Recorded data.
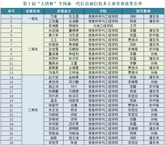 近日,第十届“大唐杯”全国大学生新一代信息通信技术大赛省级获奖名单揭晓。今年会官网学子在本次大赛中取得优异成绩,共获得本科组奖励28项,其中一等奖2项(入围国赛)、二等奖11项、三等奖15项。
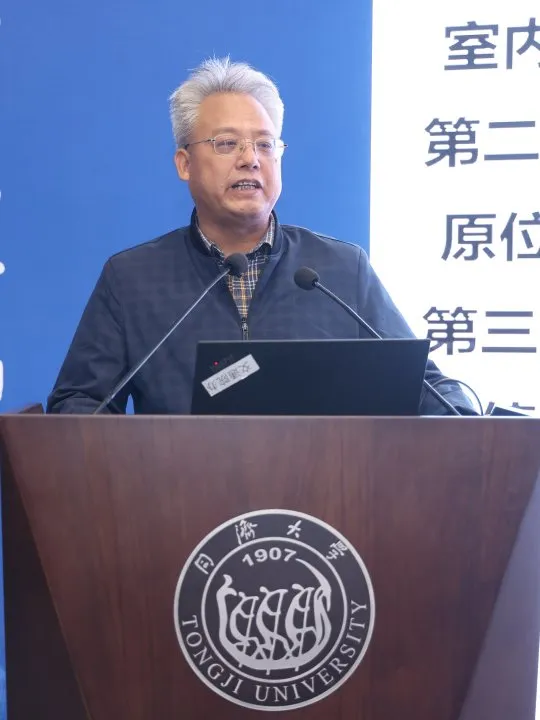 从左至右:长安大学陈建勋作《公路黄土隧道支护理论与技术》报告;重庆大学仉文岗作《石质文物保护中的交叉学科研究初探:以大足石刻和花山岩画为例》报告;河海大学高玉峰作《山区机场跑道高填方边坡三维稳定分析方法与加筋技术》报告;武汉理工大学吴少鹏作《钢渣沥青混凝土理论研究与工程实践》报告
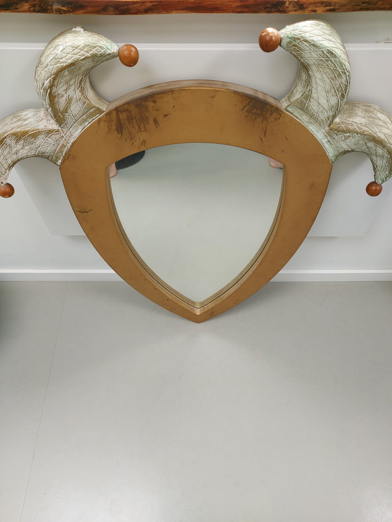 Rare mirror with at the top 2 "Jester's hats" made of plaster.
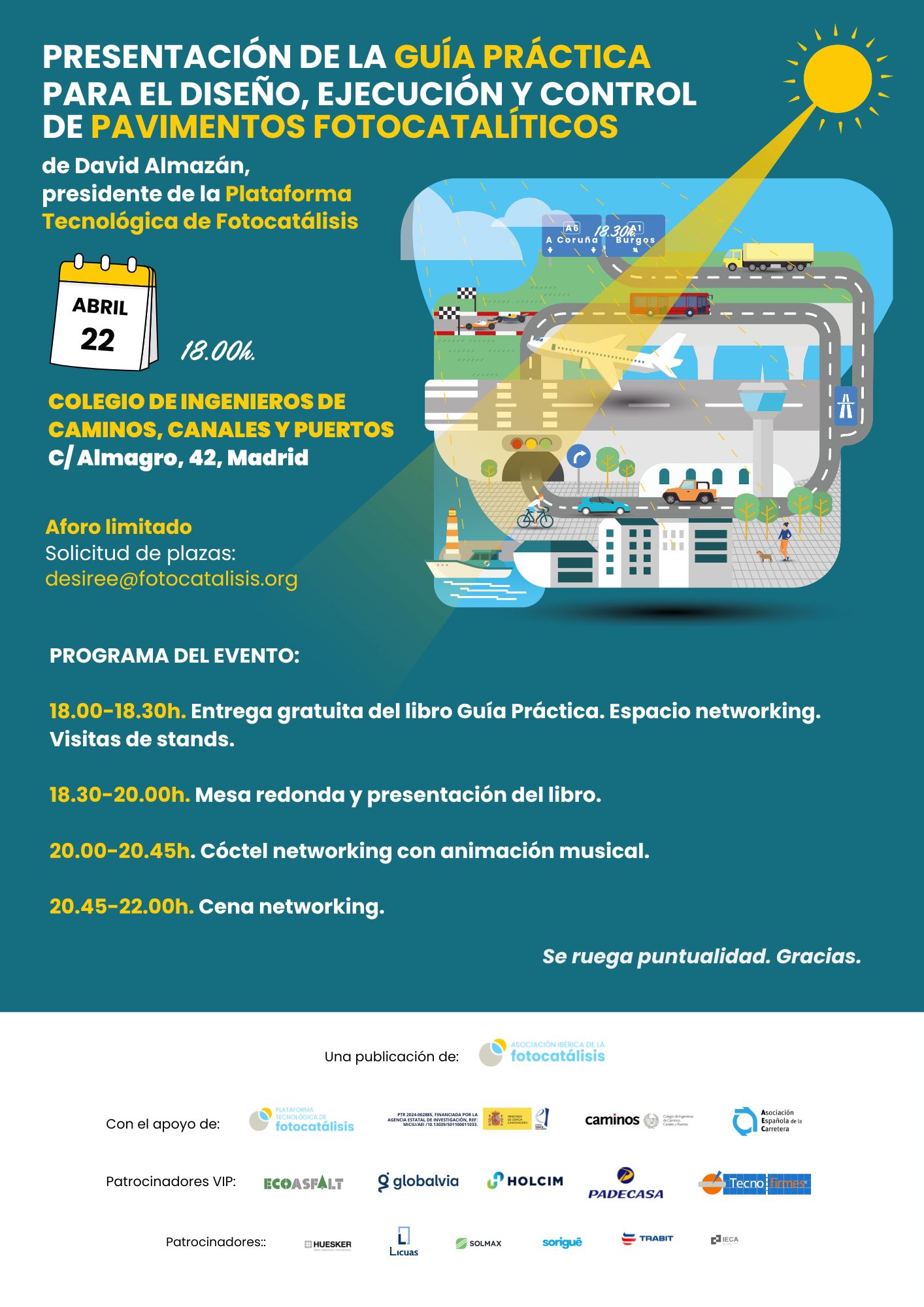Todos estos resultados se recogen en la Guía Práctica para el diseño, ejecución y control de pavimentos fotocatalíticos, que se presentará el próximo 22 de abril a las 18:30 en el Auditorio Agustín de Betancour, en la sede del Colegio de Ingenieros de Caminos, Canales y Puertos calle Almagro 42 Madrid. El acto reunirá a destacadas figuras del ámbito de las infraestructuras, la ingeniería y la innovación tecnológica.
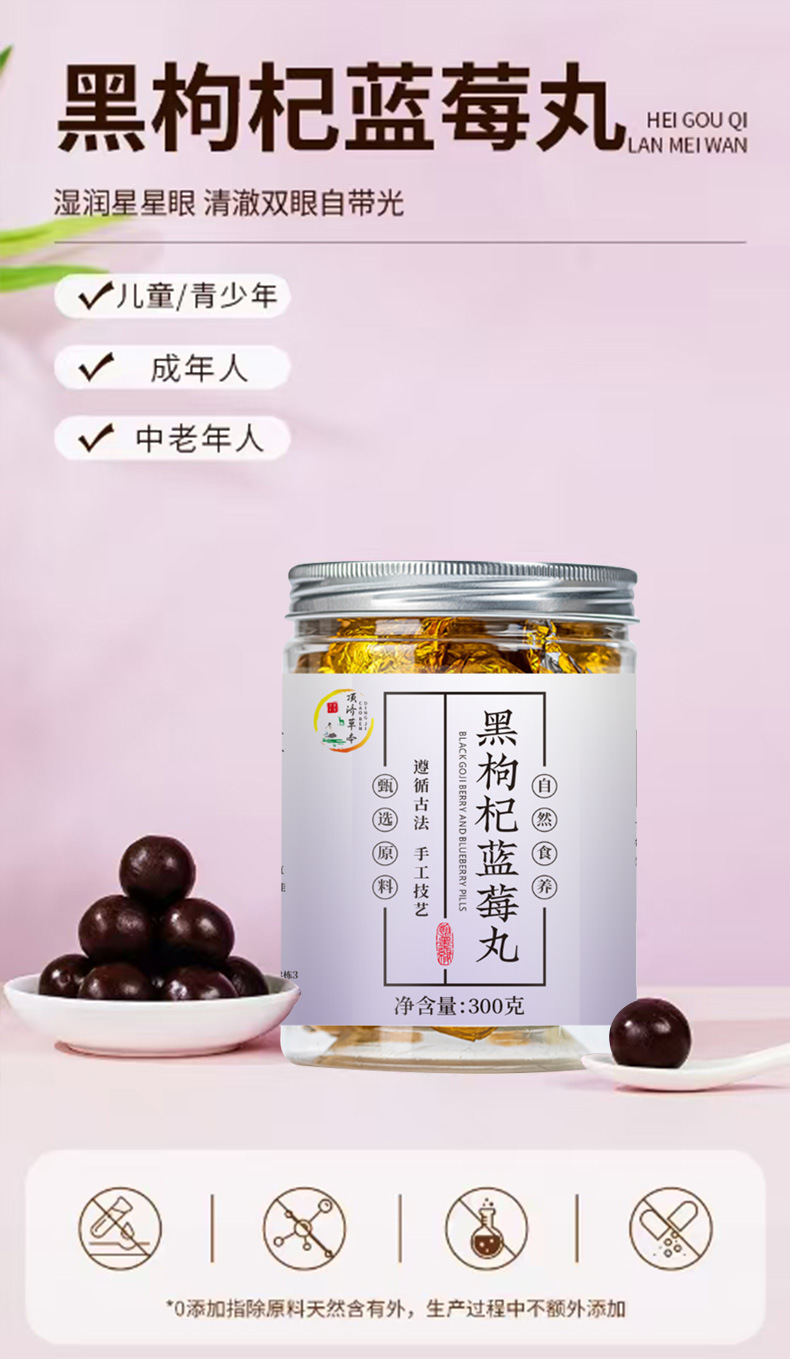 【护眼健康❗️草本黑枸杞蓝莓丸】甄选蓝莓 黑枸杞 紫米 黑豆 紫薯 绿豆 桑椹 山楂 决明子 金银花 山药 龙眼肉 核桃 胡萝卜粉 菊花 黑芝麻 蜂蜜精制而成!儿童明晴女人花青素
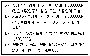 다음은 제조업을 영위하는 내국법인인 (주)한공이 제5기 사업연도(2016.1.1.∼ 2016.12.31.)에 계상한 비용이다. 각 사업연도 소득금액 계산 시 손금에 산입되지 아니하는 금액을 구하면 얼마인가?
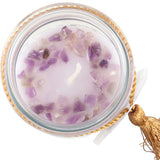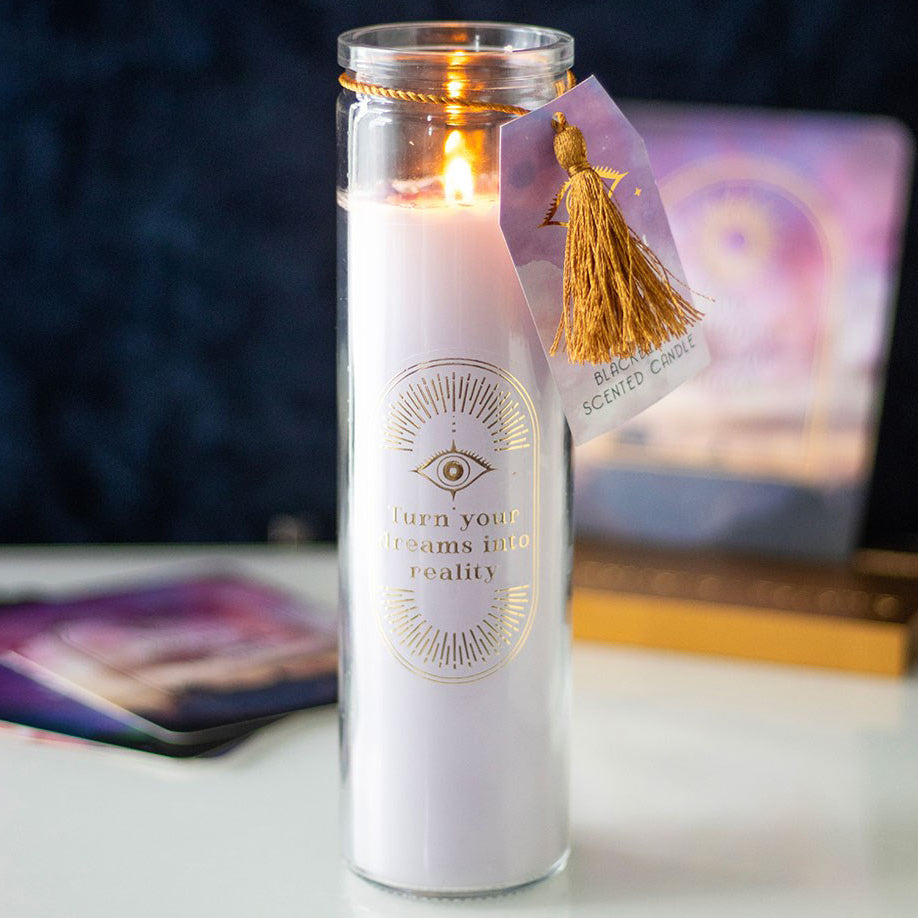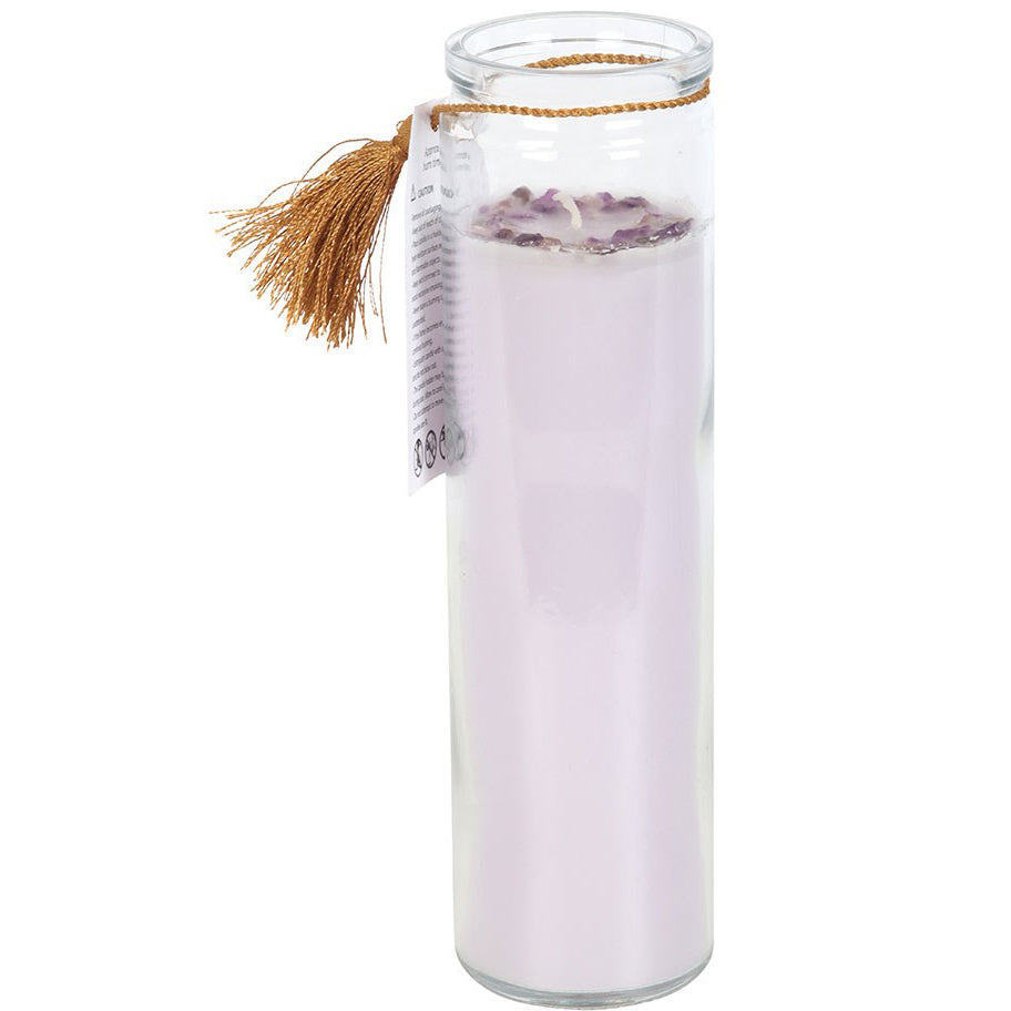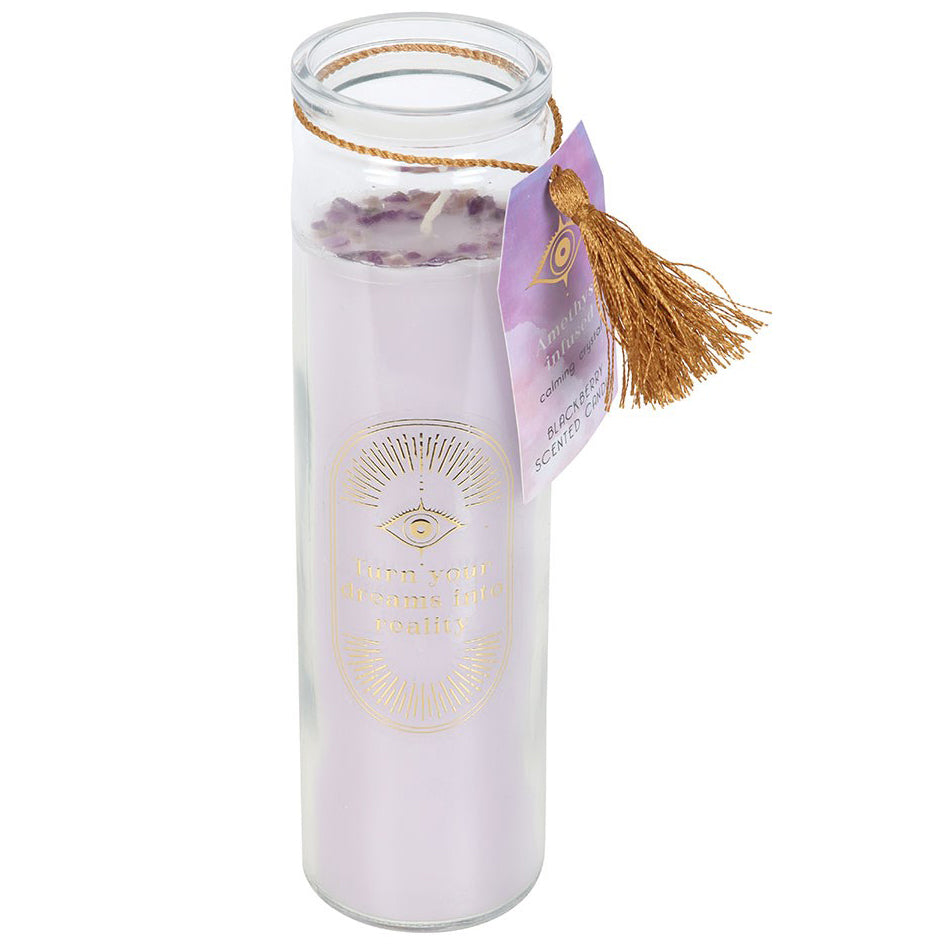 Inspired by traditional 7-day prayer candles, this tube candle comes in a beautiful blackberry fragrance. Accented with gold. Turn your dreams into a reality' text and amethyst crystal chips, this candle promotes calm and relaxation. Crystals will release from wax with use and can be reused for a multitude of spiritual purposes. Paraffin wax. Approximately 50 hours of burn time.
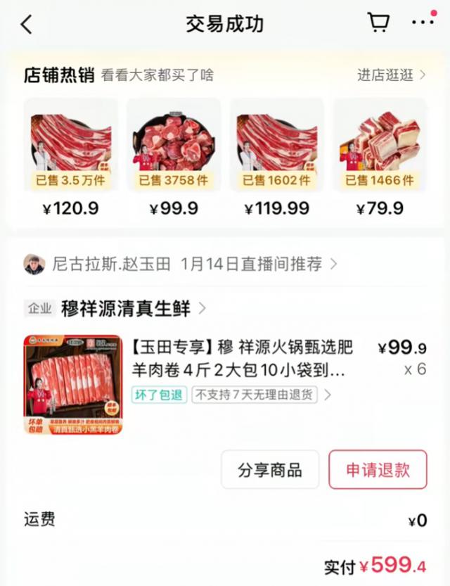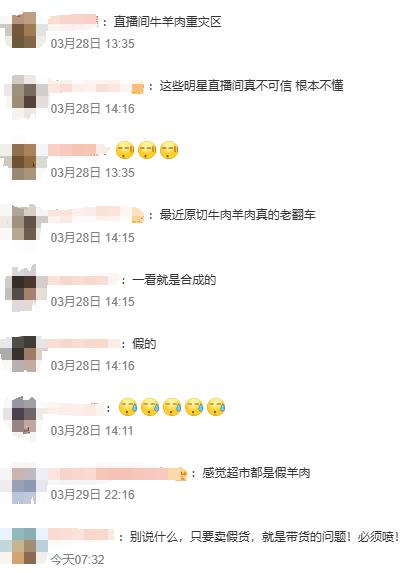 不少网友表示,直播间出售的牛羊肉卷经常翻车。

Exercise objective. Write out the data above exactly, minus any images.

Answer to the problem.
 近日,第十届“大唐杯”全国大学生新一代信息通信技术大赛省级获奖名单揭晓。今年会官网学子在本次大赛中取得优异成绩,共获得本科组奖励28项,其中一等奖2项(入围国赛)、二等奖11项、三等奖15项。
 从左至右:长安大学陈建勋作《公路黄土隧道支护理论与技术》报告;重庆大学仉文岗作《石质文物保护中的交叉学科研究初探:以大足石刻和花山岩画为例》报告;河海大学高玉峰作《山区机场跑道高填方边坡三维稳定分析方法与加筋技术》报告;武汉理工大学吴少鹏作《钢渣沥青混凝土理论研究与工程实践》报告
 Rare mirror with at the top 2 "Jester's hats" made of plaster.
Todos estos resultados se recogen en la Guía Práctica para el diseño, ejecución y control de pavimentos fotocatalíticos, que se presentará el próximo 22 de abril a las 18:30 en el Auditorio Agustín de Betancour, en la sede del Colegio de Ingenieros de Caminos, Canales y Puertos calle Almagro 42 Madrid. El acto reunirá a destacadas figuras del ámbito de las infraestructuras, la ingeniería y la innovación tecnológica.
 【护眼健康❗️草本黑枸杞蓝莓丸】甄选蓝莓 黑枸杞 紫米 黑豆 紫薯 绿豆 桑椹 山楂 决明子 金银花 山药 龙眼肉 核桃 胡萝卜粉 菊花 黑芝麻 蜂蜜精制而成!儿童明晴女人花青素
 다음은 제조업을 영위하는 내국법인인 (주)한공이 제5기 사업연도(2016.1.1.∼ 2016.12.31.)에 계상한 비용이다. 각 사업연도 소득금액 계산 시 손금에 산입되지 아니하는 금액을 구하면 얼마인가?
 Inspired by traditional 7-day prayer candles, this tube candle comes in a beautiful blackberry fragrance. Accented with gold. Turn your dreams into a reality' text and amethyst crystal chips, this candle promotes calm and relaxation. Crystals will release from wax with use and can be reused for a multitude of spiritual purposes. Paraffin wax. Approximately 50 hours of burn time.
 不少网友表示,直播间出售的牛羊肉卷经常翻车。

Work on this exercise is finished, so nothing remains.